Americans Believe “Individuals Are Responsible for their Own Success”

BrooksDavid.jpg   David Brooks.  Source of photo:  online version of the NYT commentary cited below.


David Brooks wrote some useful reflections on some of the work of sociologist Seymour Martin Lipsett, who died on New Year’s Eve at the end of 2006:


Lipset was relentlessly empirical, and rested his conclusions on data as well as history and philosophy. He found that Americans have for centuries embraced individualistic, meritocratic, antistatist values, even at times when income inequality was greater than it is today.

Large majorities of Americans have always believed that individuals are responsible for their own success, Lipset reported, while people in other countries are much more likely to point to forces beyond individual control. Sixty-five percent of Americans believe hard work is the key to success; only 12 percent think luck plays a major role.

In his “American Exceptionalism” (1996), Lipset pointed out that 78 percent of Americans endorse the view that “the strength of this country today is mostly based on the success of American business.” Fewer than a third of all Americans believe the state has a responsibility to reduce income disparities, compared with 82 percent of Italians.

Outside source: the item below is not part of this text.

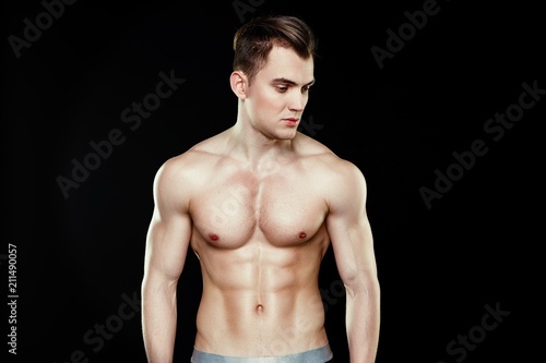 © smmartynenko, Fototapeta premium Handsome sporty young man in underwear posing on dark background

Over 70 percent of Americans believe “individuals should take more responsibility for providing for themselves” whereas most Japanese believe “the state should take more responsibility to ensure everyone is provided for.”

America, he concluded, is an outlier, an exceptional nation.


For the full commentary, see:

DAVID BROOKS.  "The American Way of Equality."  The New York Times, Section 4 (Sun., January 14, 2007):  12.